Knowledge
 
 

Protein

DSC00098I am always getting asked questions about what type of protein supplements. Let me start with the basics and build from there. There are three common forms of protein powders and they are whey, soy and casein protein.

Whey is the most common form of protein powder. It’s water-soluble milk protein and it’s a complete protein. A complete protein contains all nine of the amino acids necessary for human dietary needs.

Soy protein is preferred by vegetarians and vegans. It’s a great source of protein, usually made from soy beans. However, I have found most soy proteins to have a funny taste and have noticed it doesn’t dissolve well in water.

Casein protein is a great protein powder. It is simply the dehydrated, supplemental form of casein. Casein is phosphorus-containing proteins and made up of 80 percent of the protein in cow’s milk. The remaining 20% are whey proteins. Casein protein is a very good protein that is easily digested by your body, but it is very expensive.

I generally find that athletes need protein supplements in the following 4 situations:

Teenagers – teenagers generally need more protein to fuel workouts because the body is still growing and uses more protein in general
Starting a workout program – If you’re starting a new workout program and you’re trying to build muscle, you will require more protein than normal
Increasing your workouts – If you’re working out, but are increasing the intensity of those workouts, your body will need more protein
A vegan – If you’re a vegan or a vegetarian, you naturally have eliminated good sources of protein such as meat, chicken, and possibly dairy and eggs.

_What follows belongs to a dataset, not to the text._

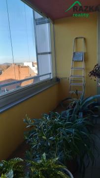 Z obývacího pokoje je vstup na jižně orientovanou lodžii (9,5 m²) a z obou ložnic je vstup na severně orientovaný balkon (7,3 m²). K bytu patří ještě skladová kóje (3 m²) umístěná ve druhém nadzemním podlaží.

In figuring out your daily requirements of protein, the American College of Sports Medicine and the Academy of Nutrition and Dietetics recommends:
the average adult needs about 0.8grams of protein per kilogram of body weight per day.
Those individuals taking part in recreational athletes need 1.1 to 1.4 grams of protein for every kilogram of body weight
Competitive athletes need about 1.2 to 1.4 grams of protein for every kilogram of body weight; and
Athletes building muscles mass need 1.5 to 2 grams of protein for every kilogram of body weight

So, if you’re an adult who want to build muscle mass, and if you weight 165 pounds (75 kilograms), then you will need protein of about 150 grams per day. You could definitely use a protein supplement to make up the difference, if you consider that a 4-oz hamburger contains 30 grams of protein, a 6 oz tuna steak contains 40 grams, and a single oz of cheddar cheese has 7 grams of protein.